KARAWANG, Karawangchannel.com – Anggota DPRD Karawang, Fernando Doklas Pangaribuan, mengusulkan adanya pengaturan khusus terkait penertiban peserta didik dalam pembahasan Rancangan Peraturan Daerah (Raperda) tentang Penyelenggaraan Ketertiban Umum, Ketenteraman Masyarakat dan Perlindungan Masyarakat (Trantibum).
Usulan tersebut disampaikan dalam forum Panitia Khusus (Pansus) Raperda Trantibum sebagai upaya memperkuat kedisiplinan pelajar, khususnya untuk menekan angka bolos sekolah dan tawuran.
Doklas menilai, penertiban peserta didik penting dilakukan guna menciptakan lingkungan belajar yang aman, tertib, dan kondusif. Ia menyebut Karawang perlu memiliki mekanisme pengawasan seperti yang diterapkan di daerah lain, salah satunya Bandung Barat yang menjalankan program penertiban pelajar saat jam sekolah.

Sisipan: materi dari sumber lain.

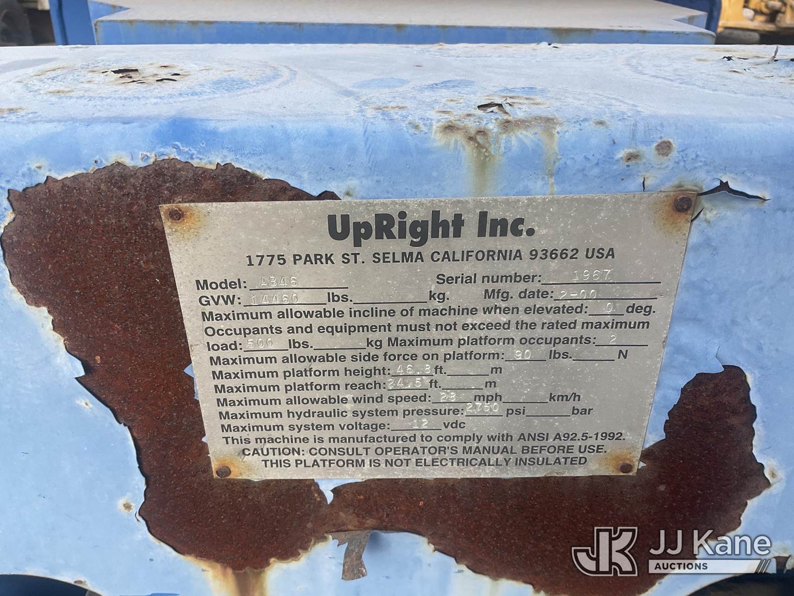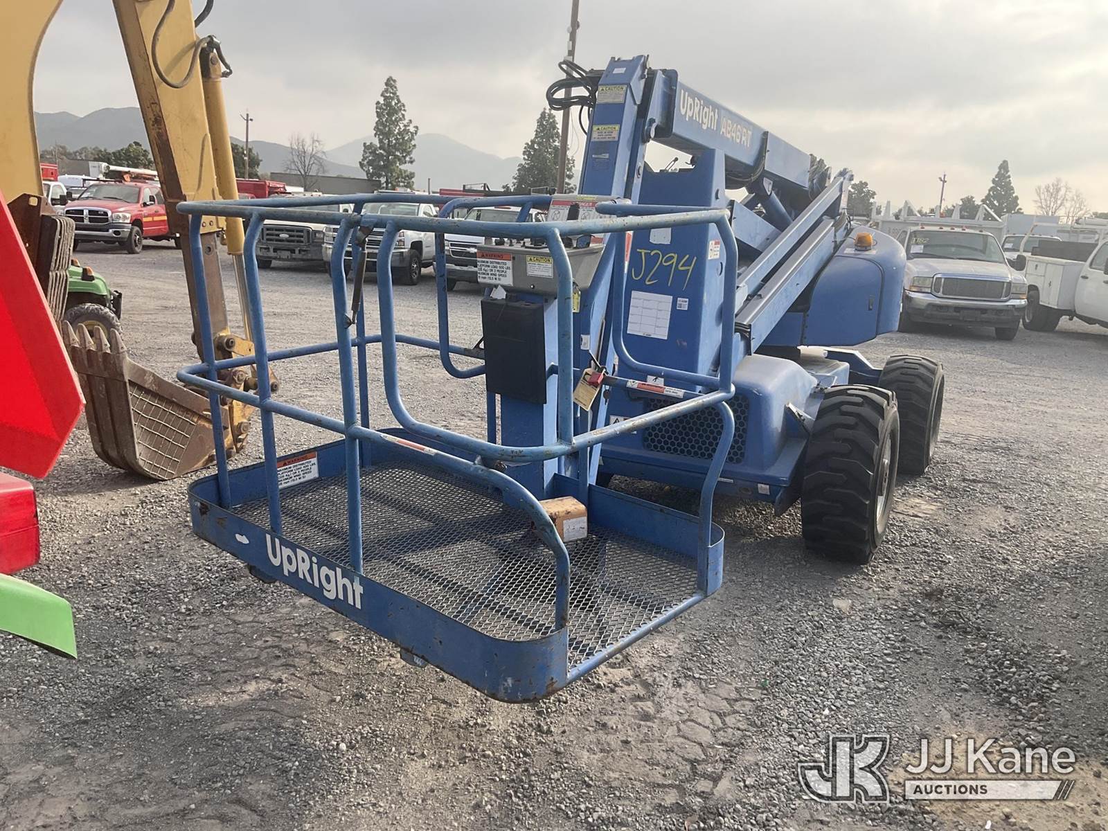 2000 UpRight AB46 Self-Propelled Telescopic Manlift, s/n 1967B, 4-cyl Dual Fuel (LPG & Gas) Hydraulic Drive, (Not Running, Condition Unknown) (Bill of Sale Only) (Reads 599 hours) NOTE: This unit is being sold AS IS/WHERE IS via Timed Auction and is located in Jurupa Valley, CA. Inspection & preview days for this unit are the 2 business days prior to the first day of items closing for this auction, item is located at 4510 Muth Way Jurupa Valley, CA 92509 and hours of operations are 8a-4p. For pre-sale questions, please contact please contact Office Staff @ (310) 353-7140. Dealer License Number 45696. (Buyer is responsible for removal. Assistance by consignor or JJ Kane Auctions is not assured.)

“Perlu ada patroli khusus untuk peserta didik yang kedapatan bolos pada jam pelajaran atau terindikasi terlibat tawuran. Ini bukan untuk menghukum, tetapi untuk pembinaan,” ujar Doklas, Senin (27/04/2026).
Menurutnya, langkah tersebut dapat dilakukan melalui patroli gabungan yang melibatkan Satpol PP, pihak sekolah, dan instansi terkait untuk melakukan pendataan serta pengawasan terhadap pelajar yang berada di luar sekolah saat jam belajar berlangsung.
“Penertiban ini dilakukan sebagai bentuk pembinaan agar peserta didik tetap fokus pada pendidikan dan tidak terjerumus pada perilaku yang merugikan masa depan mereka,” katanya.
Doklas berharap pengaturan yang jelas dalam Raperda Trantibum dapat memperkuat upaya menciptakan lingkungan yang lebih tertib dan aman, khususnya bagi generasi muda di Karawang.
“Harapannya, dengan adanya aturan yang jelas dalam Raperda Trantibum, Karawang bisa mewujudkan lingkungan yang lebih tertib, aman, dan kondusif, khususnya bagi generasi muda,” pungkasnya.